- [EXERCISE PROMPT]
With images removed, return the whole listing exactly as written.

[[ SUPPLIED DATA open ]]

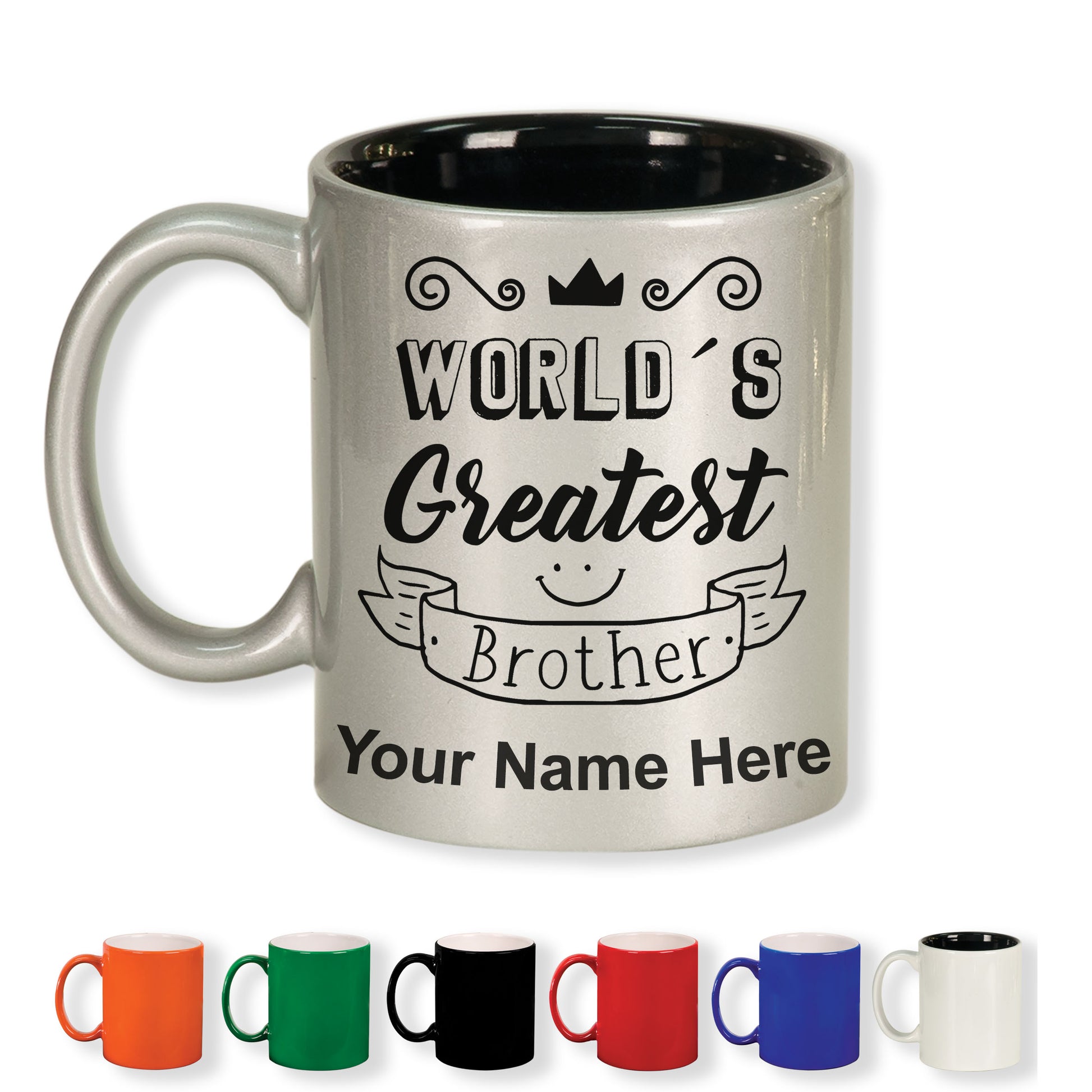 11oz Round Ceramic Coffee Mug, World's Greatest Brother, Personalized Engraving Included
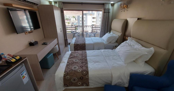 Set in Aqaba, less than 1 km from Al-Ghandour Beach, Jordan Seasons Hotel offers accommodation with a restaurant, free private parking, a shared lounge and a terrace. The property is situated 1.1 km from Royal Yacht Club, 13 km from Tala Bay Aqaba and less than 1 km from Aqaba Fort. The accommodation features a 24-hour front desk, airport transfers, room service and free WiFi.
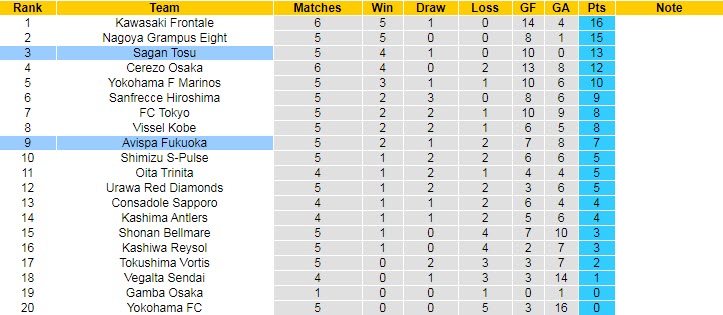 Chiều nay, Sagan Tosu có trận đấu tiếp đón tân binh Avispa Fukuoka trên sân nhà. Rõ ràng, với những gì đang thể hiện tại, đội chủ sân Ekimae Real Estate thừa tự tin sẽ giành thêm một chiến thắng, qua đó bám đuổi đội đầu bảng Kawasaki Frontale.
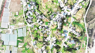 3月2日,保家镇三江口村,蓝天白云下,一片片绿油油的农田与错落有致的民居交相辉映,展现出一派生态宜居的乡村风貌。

[[ SUPPLIED DATA closed ]]

- [RESULT FOR THIS TASK]
 11oz Round Ceramic Coffee Mug, World's Greatest Brother, Personalized Engraving Included
 Set in Aqaba, less than 1 km from Al-Ghandour Beach, Jordan Seasons Hotel offers accommodation with a restaurant, free private parking, a shared lounge and a terrace. The property is situated 1.1 km from Royal Yacht Club, 13 km from Tala Bay Aqaba and less than 1 km from Aqaba Fort. The accommodation features a 24-hour front desk, airport transfers, room service and free WiFi.
 Chiều nay, Sagan Tosu có trận đấu tiếp đón tân binh Avispa Fukuoka trên sân nhà. Rõ ràng, với những gì đang thể hiện tại, đội chủ sân Ekimae Real Estate thừa tự tin sẽ giành thêm một chiến thắng, qua đó bám đuổi đội đầu bảng Kawasaki Frontale.
 3月2日,保家镇三江口村,蓝天白云下,一片片绿油油的农田与错落有致的民居交相辉映,展现出一派生态宜居的乡村风貌。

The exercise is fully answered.